| EXERCISE |
Set every record down verbatim and omit the pictures.

Records from a data source
──────
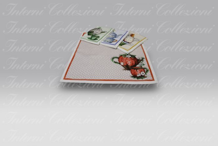 Confezione composta da: n.4 tovaglioli (cm46x46) + n.1 confezione in tessuto stampata
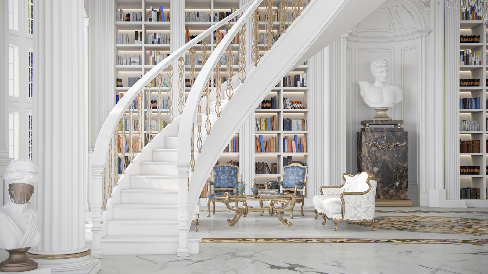statue and towering bookshelves give the space an artistic and
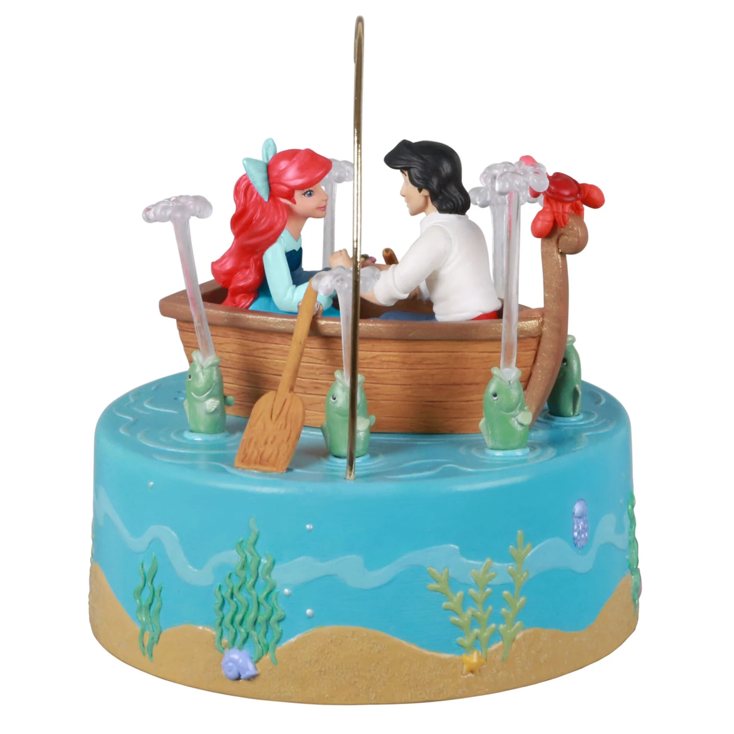 Set the mood for a romantic holiday with a little help from Sebastian and his musical friends under the sea. Capturing the iconic scene when Ariel hopes Prince Eric will break Ursula’s spell with his kiss, this charming Christmas tree ornament features fish that move and plays an excerpt of the song “Kiss the Girl” from the beloved Disney movie “The Little Mermaid” (battery-operated).
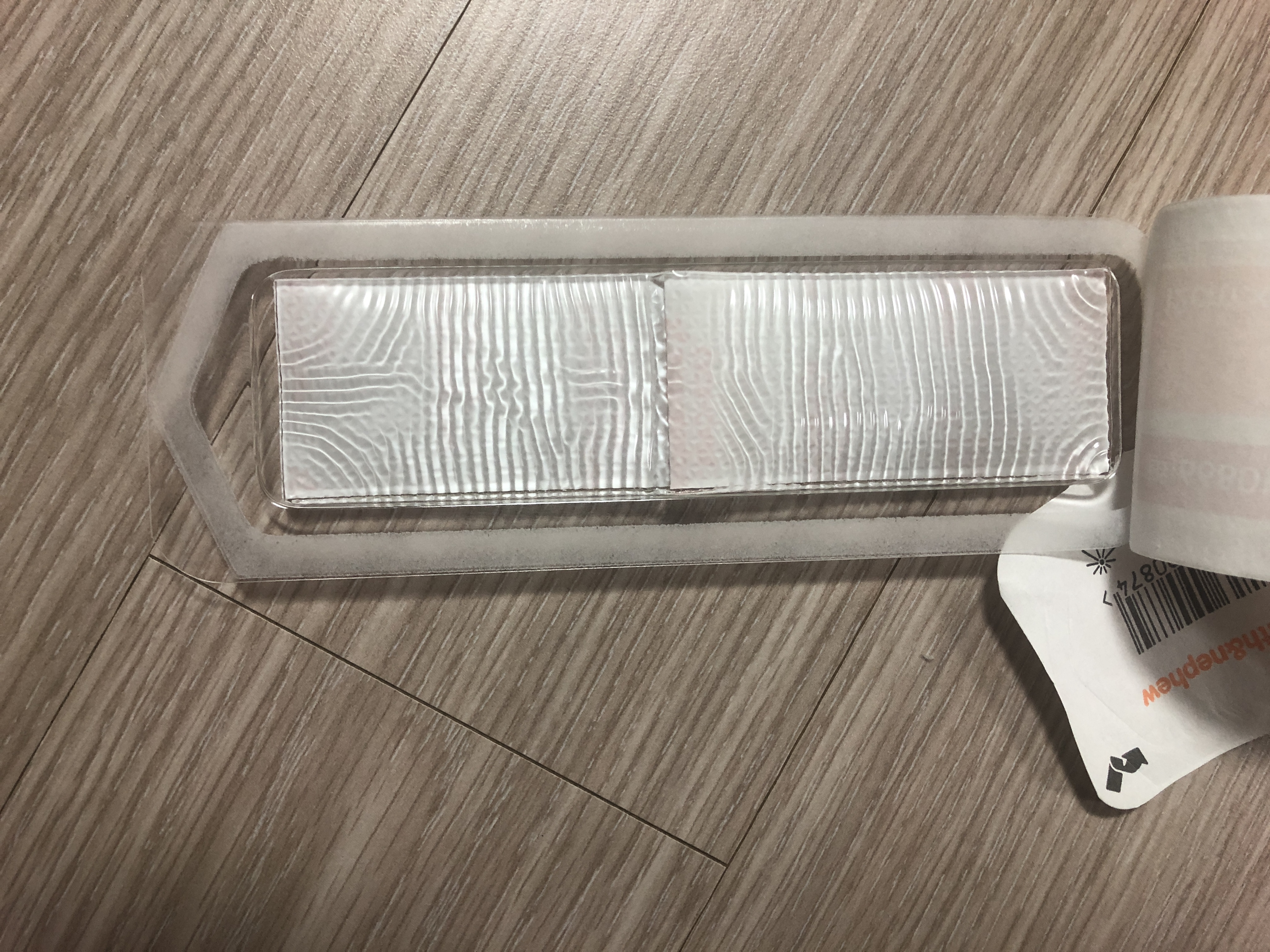 요렇게 일반 밴드처럼 생겼구요~! 뒤에 있는걸 뜯어서 그냥 붙이시면 됩니다. 와이프의 상처가 10cm정도 되니까 하나 붙이니 딱 맞더라구요~! 이걸로 흉터가 많이 좋아져야 될텐데... 여러 후기를 보니 오랜기간 사용하니 표시가 난다고 하시더라구요..! 그리고 많은 분들이 추천도 하시고..! 꼭 이걸로 흉터가 사라지지는 못해도.. 연해지기를 기대합니다 ㅎㅎ
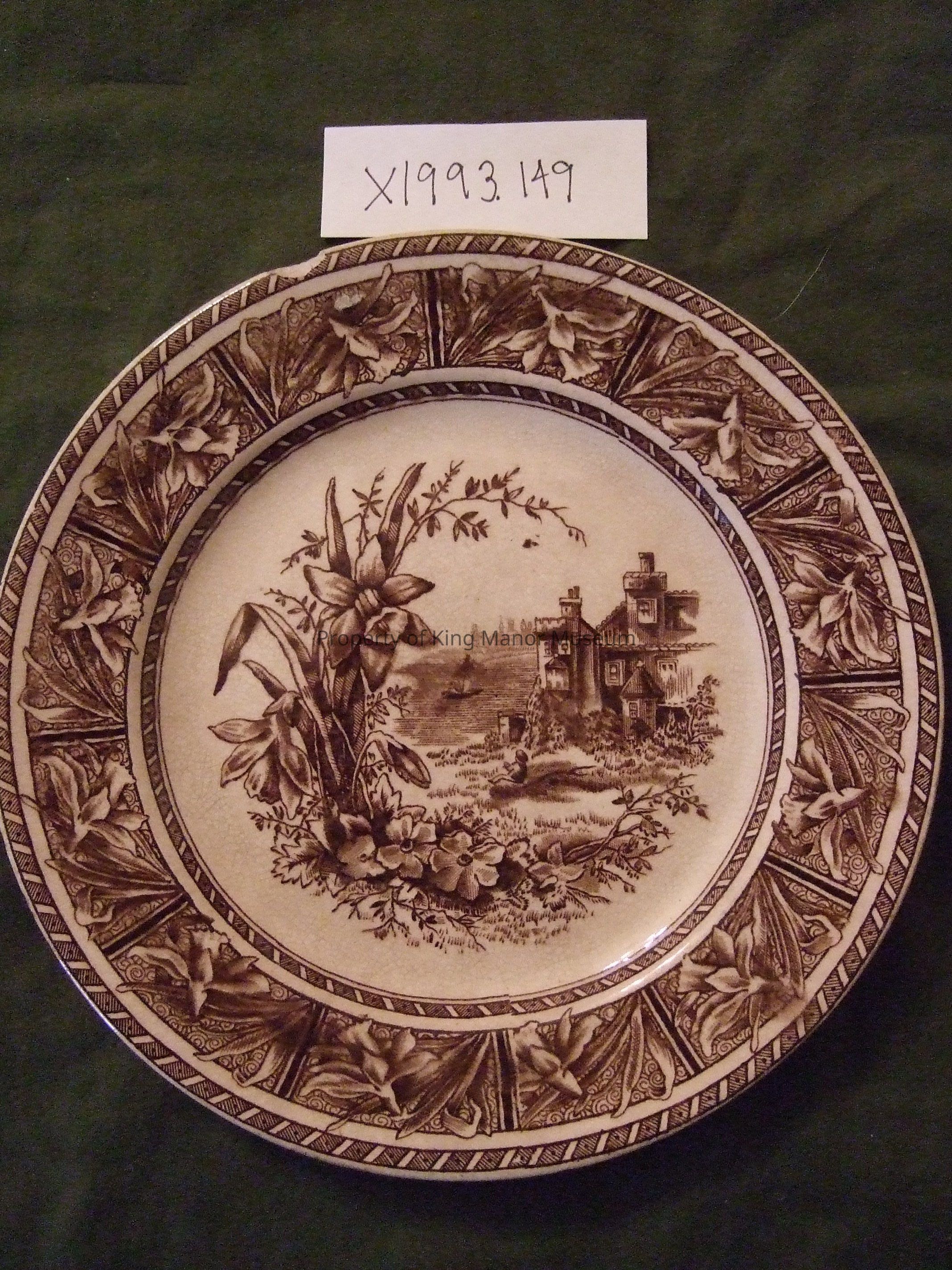 Ceramic plate having brown transferware decoration featuring a daffodil rim at the center a house, the ocean and a figure; the underglaze mark reads WH GRINDLEY AND CO TUNSTALL, the pattern name DAFFODIL; the paper sticker reads AndersonCollection
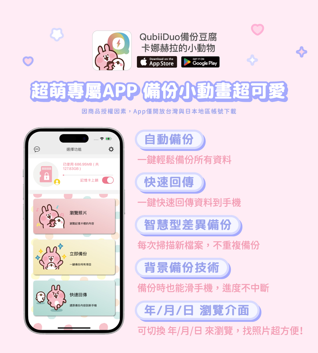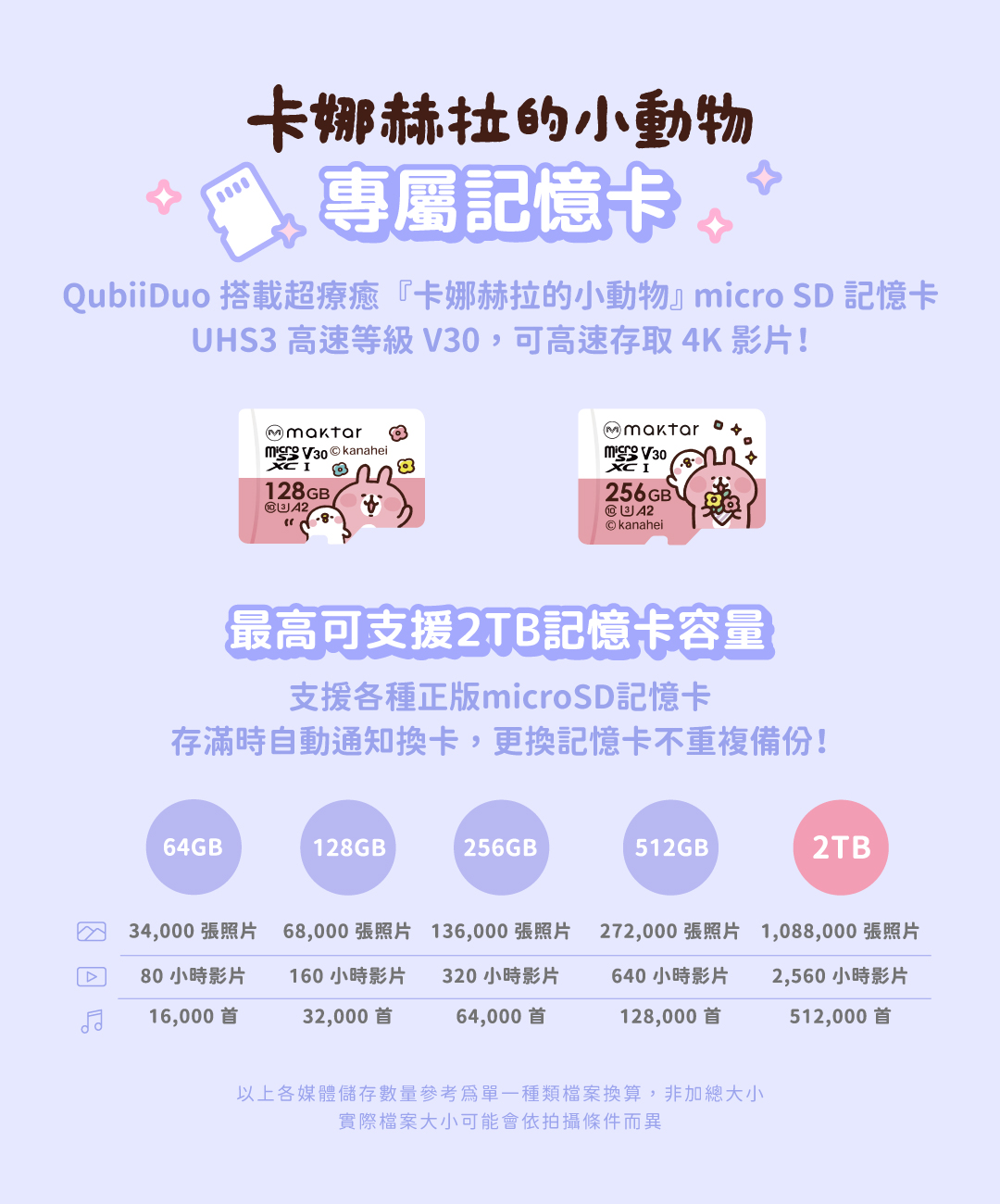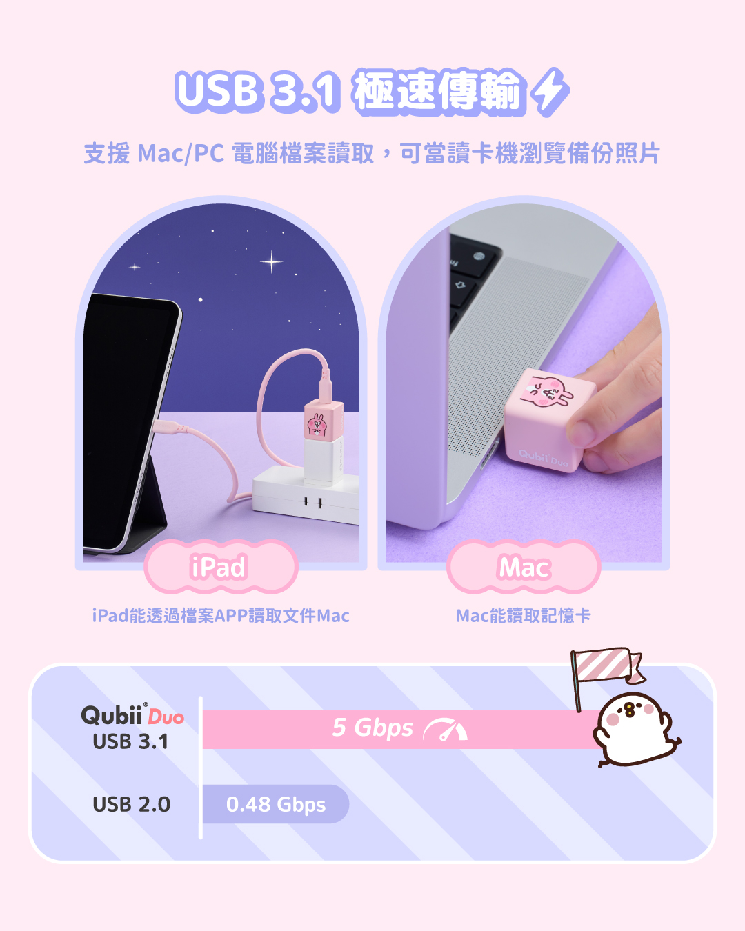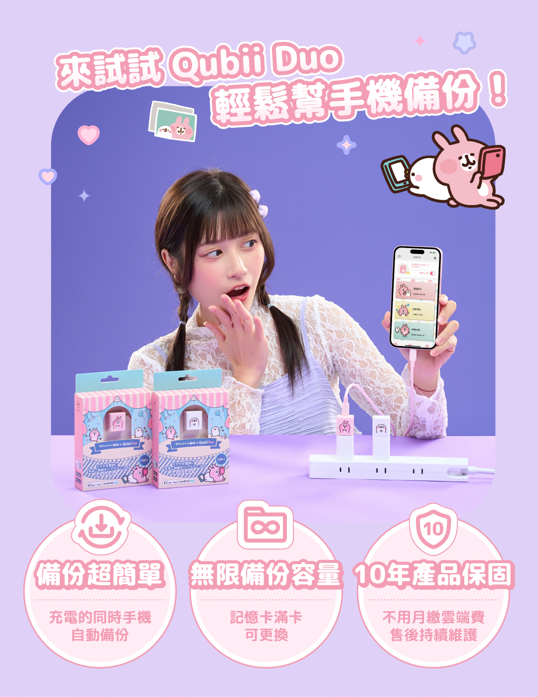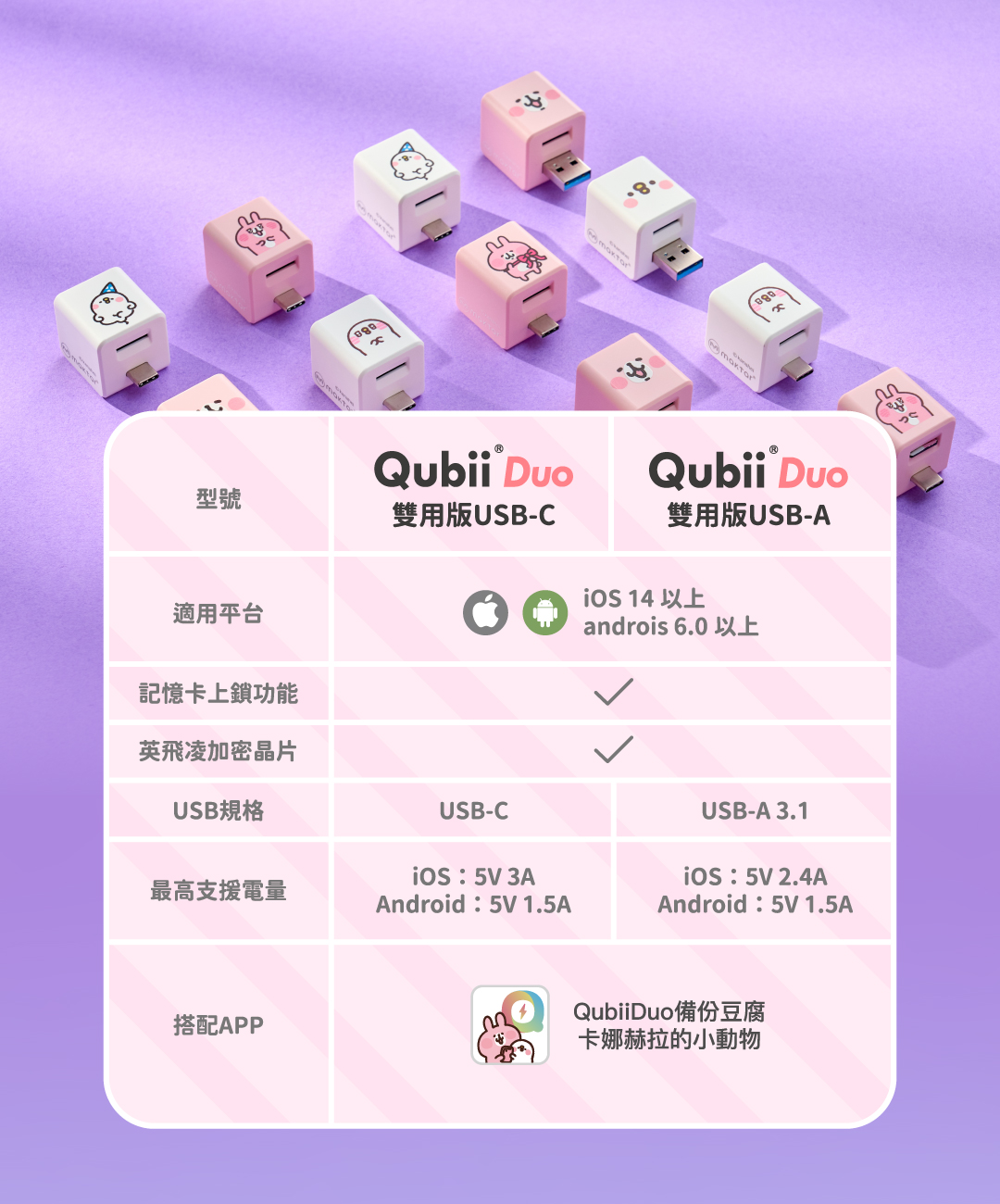 ● 品名:QubiiDuo USB-C 備份豆腐 卡娜赫拉的小動物 ● 顏色:亮眼兔兔(粉) / 閃爍P助(白) ● 尺寸:4x2.5x2.5 cm ● 重量:20g ● 容量:不含記憶卡,可支援 64G / 128G / 256G / 512G / 1TB / 2TB 記憶卡 ● 介面:USB-C ● 手機系統:iOS 14 / Android 6.0以上 ● 電腦系統:Mac/ PC電腦 Windows 7以上,不支援Win XP ● 製造地:台灣設計製造 ● 產品保固:2年,註冊產品可延長保固至10年 ● 本產品不含記憶卡
──────
| TASK ANSWER |
 Confezione composta da: n.4 tovaglioli (cm46x46) + n.1 confezione in tessuto stampata
statue and towering bookshelves give the space an artistic and
 Set the mood for a romantic holiday with a little help from Sebastian and his musical friends under the sea. Capturing the iconic scene when Ariel hopes Prince Eric will break Ursula’s spell with his kiss, this charming Christmas tree ornament features fish that move and plays an excerpt of the song “Kiss the Girl” from the beloved Disney movie “The Little Mermaid” (battery-operated).
 요렇게 일반 밴드처럼 생겼구요~! 뒤에 있는걸 뜯어서 그냥 붙이시면 됩니다. 와이프의 상처가 10cm정도 되니까 하나 붙이니 딱 맞더라구요~! 이걸로 흉터가 많이 좋아져야 될텐데... 여러 후기를 보니 오랜기간 사용하니 표시가 난다고 하시더라구요..! 그리고 많은 분들이 추천도 하시고..! 꼭 이걸로 흉터가 사라지지는 못해도.. 연해지기를 기대합니다 ㅎㅎ
 Ceramic plate having brown transferware decoration featuring a daffodil rim at the center a house, the ocean and a figure; the underglaze mark reads WH GRINDLEY AND CO TUNSTALL, the pattern name DAFFODIL; the paper sticker reads AndersonCollection
 ● 品名:QubiiDuo USB-C 備份豆腐 卡娜赫拉的小動物 ● 顏色:亮眼兔兔(粉) / 閃爍P助(白) ● 尺寸:4x2.5x2.5 cm ● 重量:20g ● 容量:不含記憶卡,可支援 64G / 128G / 256G / 512G / 1TB / 2TB 記憶卡 ● 介面:USB-C ● 手機系統:iOS 14 / Android 6.0以上 ● 電腦系統:Mac/ PC電腦 Windows 7以上,不支援Win XP ● 製造地:台灣設計製造 ● 產品保固:2年,註冊產品可延長保固至10年 ● 本產品不含記憶卡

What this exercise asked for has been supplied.